====== Records for processing ======

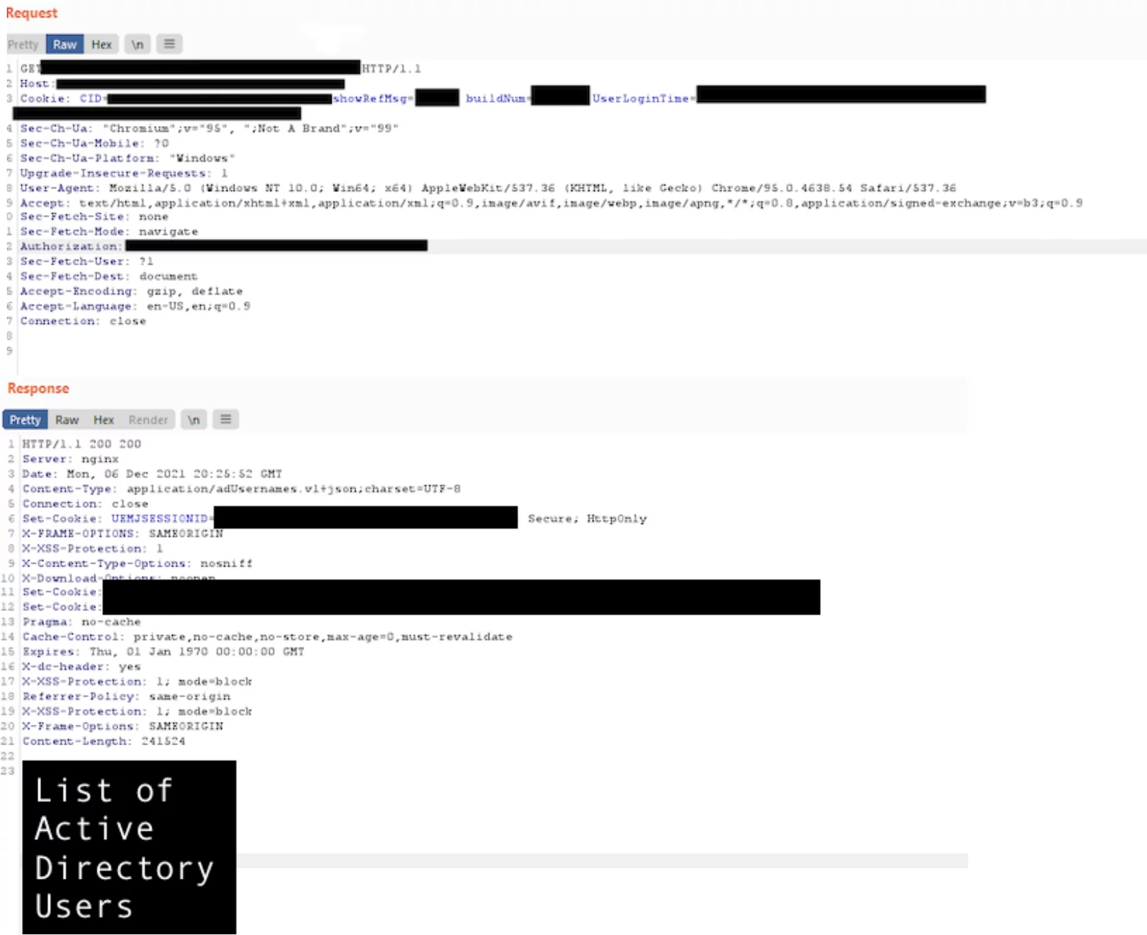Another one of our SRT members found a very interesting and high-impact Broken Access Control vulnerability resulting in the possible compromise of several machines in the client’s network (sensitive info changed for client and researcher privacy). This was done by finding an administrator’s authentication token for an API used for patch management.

======
====== Records for processing ======

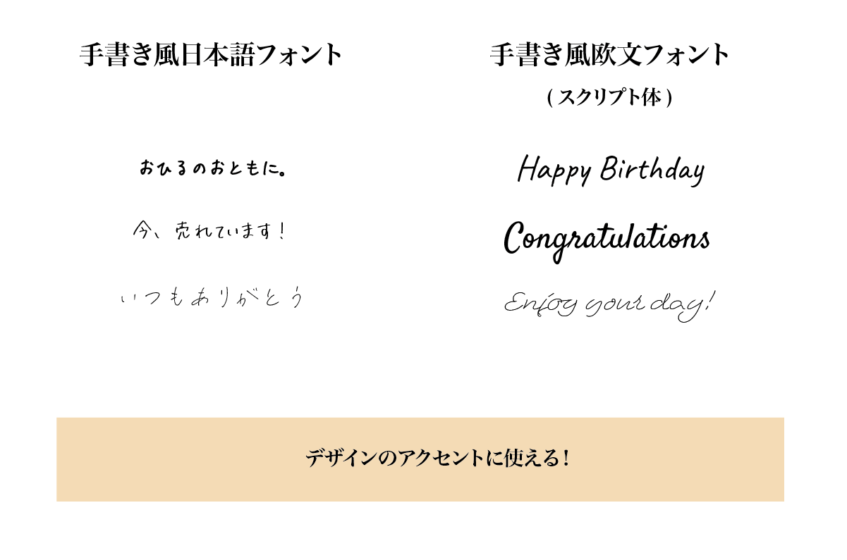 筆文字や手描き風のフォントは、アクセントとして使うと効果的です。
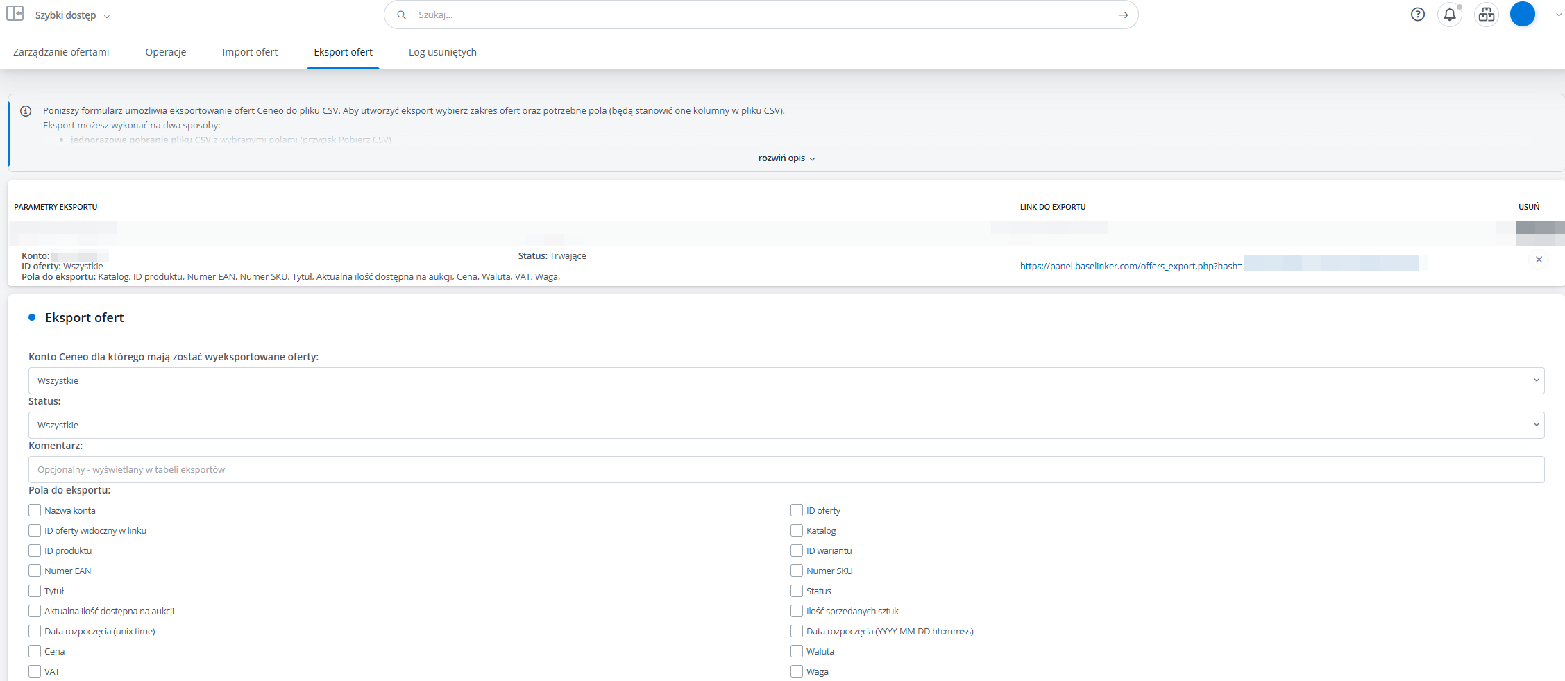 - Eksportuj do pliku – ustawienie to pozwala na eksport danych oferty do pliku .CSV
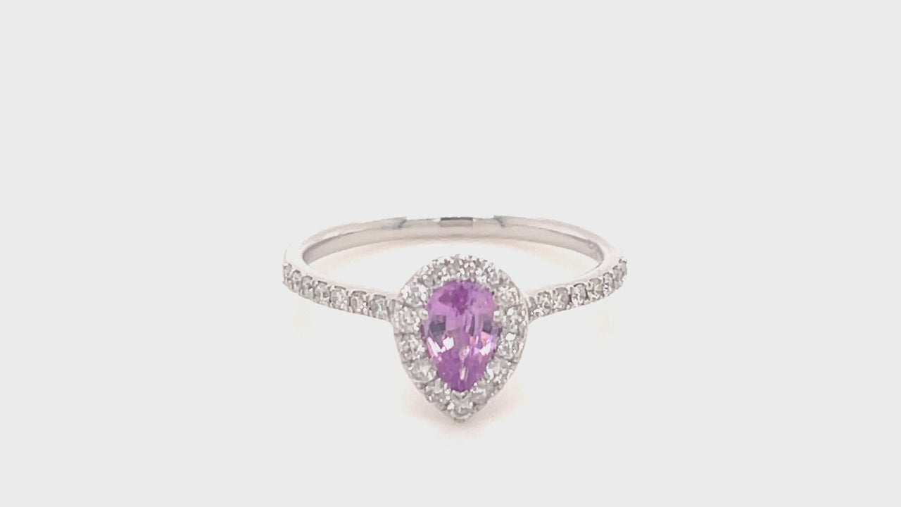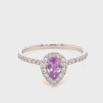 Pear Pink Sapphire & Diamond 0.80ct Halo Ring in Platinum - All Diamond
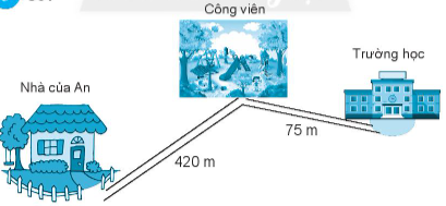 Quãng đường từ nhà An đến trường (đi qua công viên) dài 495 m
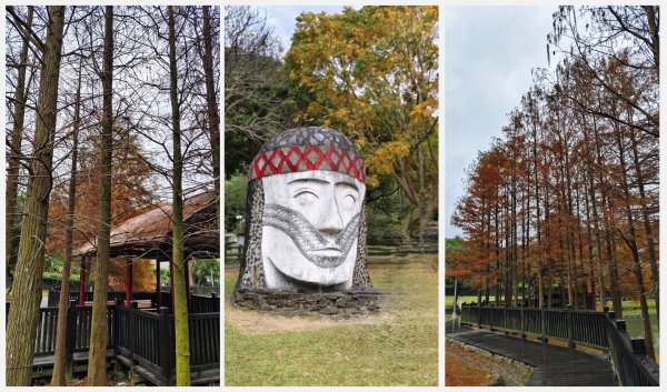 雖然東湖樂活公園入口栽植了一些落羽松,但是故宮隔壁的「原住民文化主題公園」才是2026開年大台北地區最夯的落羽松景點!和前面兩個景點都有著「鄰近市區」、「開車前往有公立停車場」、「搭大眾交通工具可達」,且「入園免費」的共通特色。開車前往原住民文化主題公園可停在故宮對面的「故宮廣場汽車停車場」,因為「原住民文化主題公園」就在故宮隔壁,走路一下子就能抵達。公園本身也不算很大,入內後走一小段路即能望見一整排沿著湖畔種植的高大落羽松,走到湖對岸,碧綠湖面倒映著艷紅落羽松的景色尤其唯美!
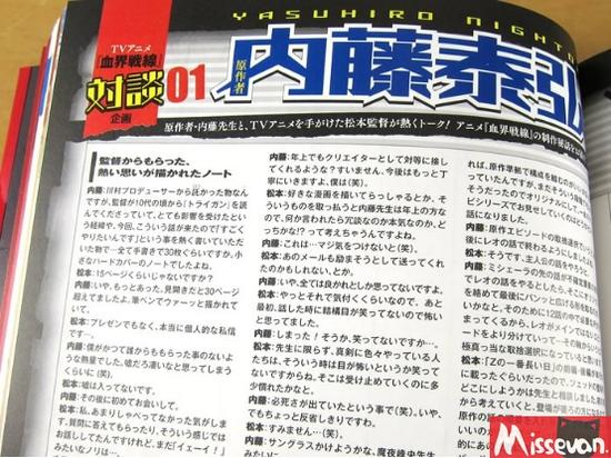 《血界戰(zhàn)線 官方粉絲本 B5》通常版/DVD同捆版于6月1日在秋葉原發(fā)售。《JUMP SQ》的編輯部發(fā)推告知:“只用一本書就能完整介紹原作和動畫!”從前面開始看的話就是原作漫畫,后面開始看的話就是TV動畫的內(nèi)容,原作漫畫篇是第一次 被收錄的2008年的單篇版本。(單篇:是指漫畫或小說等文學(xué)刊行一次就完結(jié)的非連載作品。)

======
====== Records for processing ======

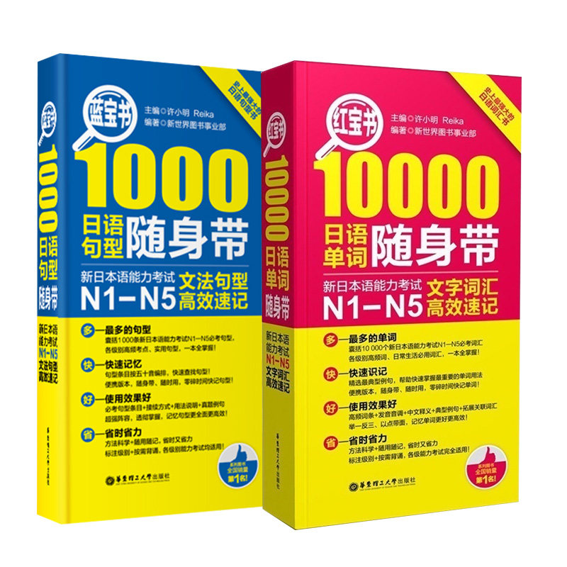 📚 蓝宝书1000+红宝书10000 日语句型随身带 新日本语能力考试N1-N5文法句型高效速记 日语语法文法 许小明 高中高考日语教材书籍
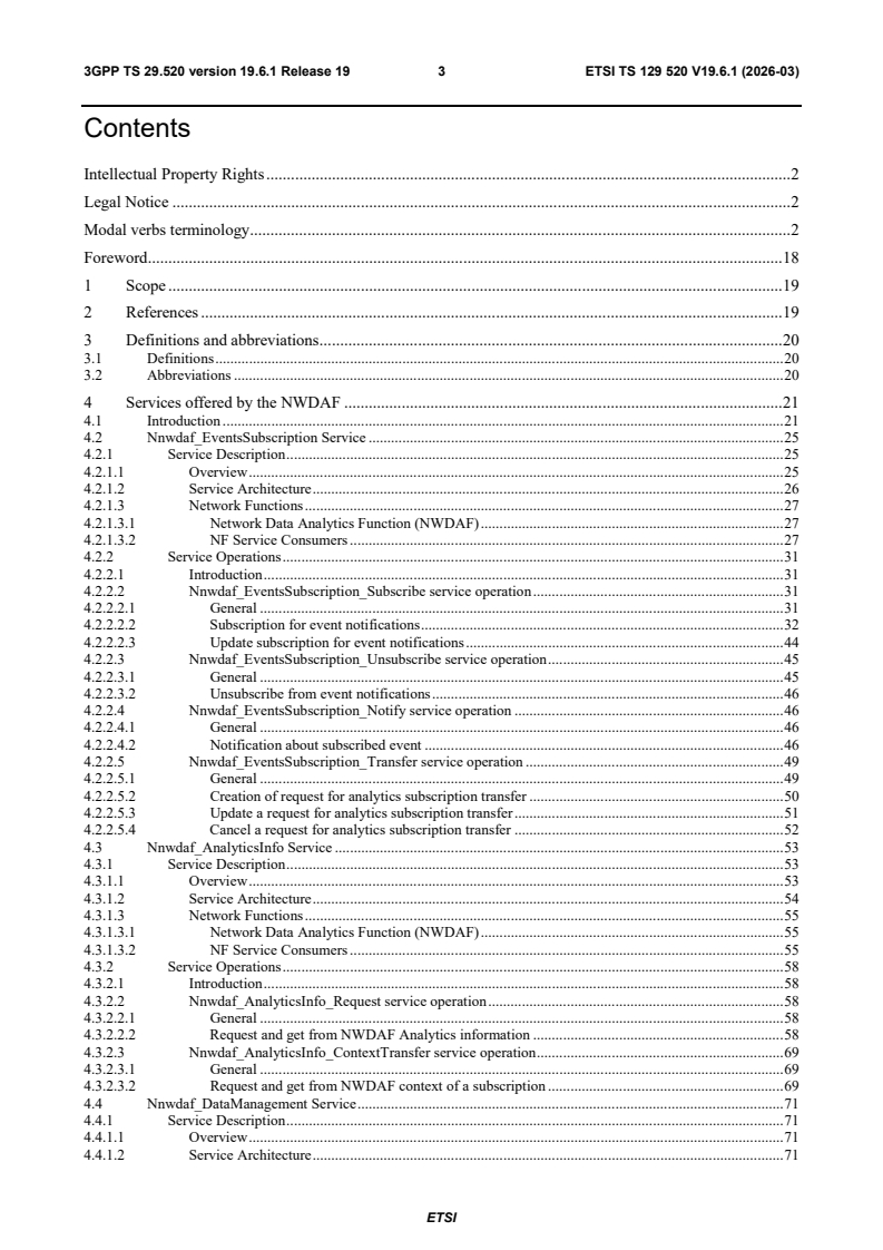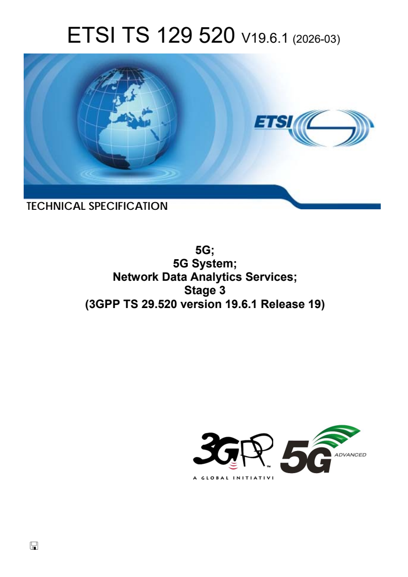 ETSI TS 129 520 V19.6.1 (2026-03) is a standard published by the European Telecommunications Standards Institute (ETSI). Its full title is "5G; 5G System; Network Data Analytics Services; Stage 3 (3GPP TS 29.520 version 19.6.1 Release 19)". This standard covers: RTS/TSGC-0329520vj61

======

Task goal> Using the records above, return verbatim only the part that opens with the line containing "- Eksportuj do" and closes with the line containing "Quãng đường từ"; pictures stay out.

Final answer>
 - Eksportuj do pliku – ustawienie to pozwala na eksport danych oferty do pliku .CSV
 Pear Pink Sapphire & Diamond 0.80ct Halo Ring in Platinum - All Diamond
 Quãng đường từ nhà An đến trường (đi qua công viên) dài 495 m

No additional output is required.